_Work request_.
Output the full listing exactly as written, with no pictures in it.

_Input data_.
= = = = =

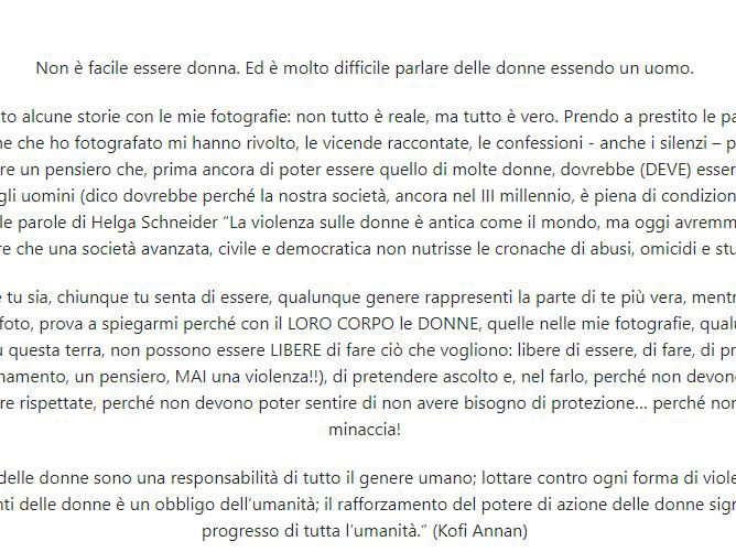 E buttarsi via per ritrovarsi, per fare quel che mi sono negata, per capire che sono bella e non lo ero: non lo ero nelle splendide immagini che riflettevano tutti gli specchi d’acqua in cui mi sono guardata, ché bastava un soffio di vento ad increspare l’acqua per cancellare la figura; non lo ero quando il giudizio degli altri era diventato il mio giudizio quando ancora non sapevo.
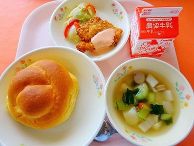 キャロットパン 牛乳 チキンカツ オーロラソース 野菜ソテー コンソメスープ |
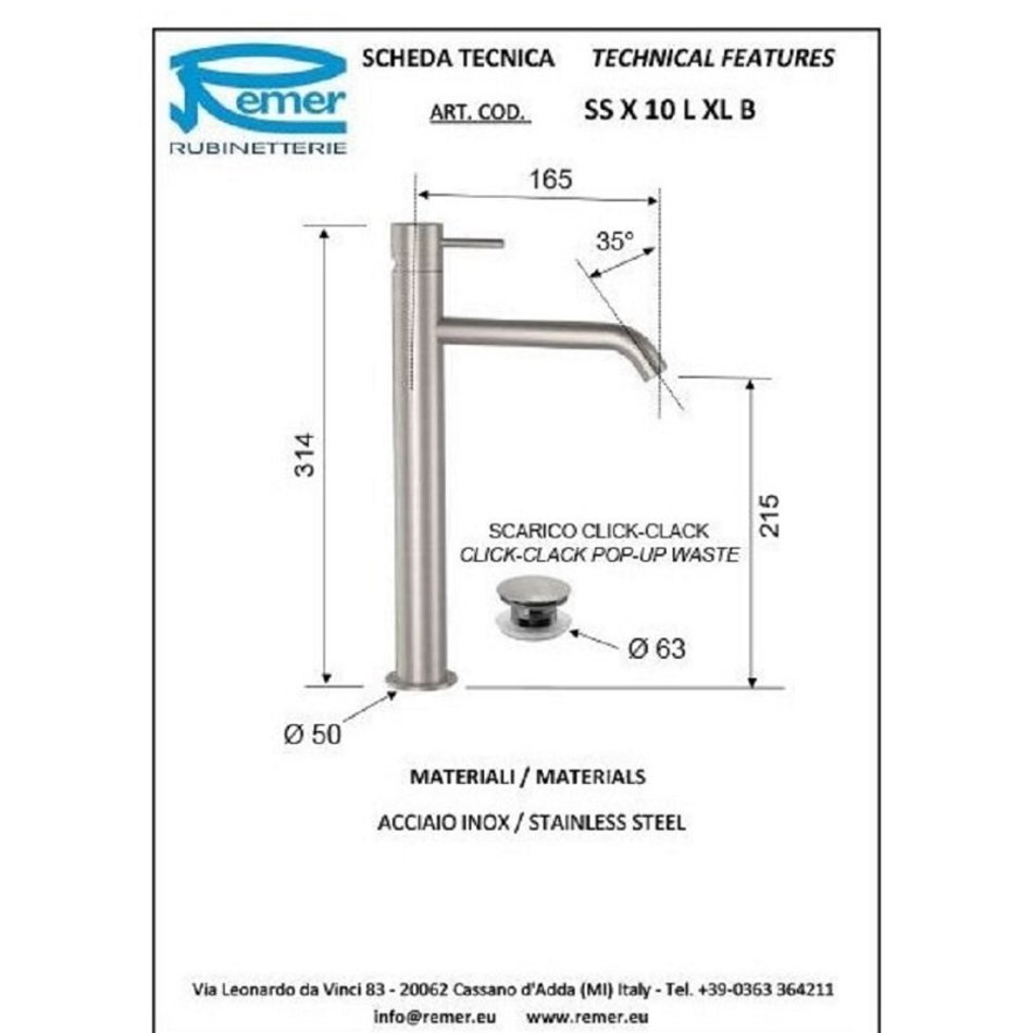 Смеситель Remer X Style Inox SSX10LXLB для раковины, с донным клапаном, цвет нержавеющая сталь

= = = = =

_Output of the exercise_.
 E buttarsi via per ritrovarsi, per fare quel che mi sono negata, per capire che sono bella e non lo ero: non lo ero nelle splendide immagini che riflettevano tutti gli specchi d’acqua in cui mi sono guardata, ché bastava un soffio di vento ad increspare l’acqua per cancellare la figura; non lo ero quando il giudizio degli altri era diventato il mio giudizio quando ancora non sapevo.
 キャロットパン 牛乳 チキンカツ オーロラソース 野菜ソテー コンソメスープ |
 Смеситель Remer X Style Inox SSX10LXLB для раковины, с донным клапаном, цвет нержавеющая сталь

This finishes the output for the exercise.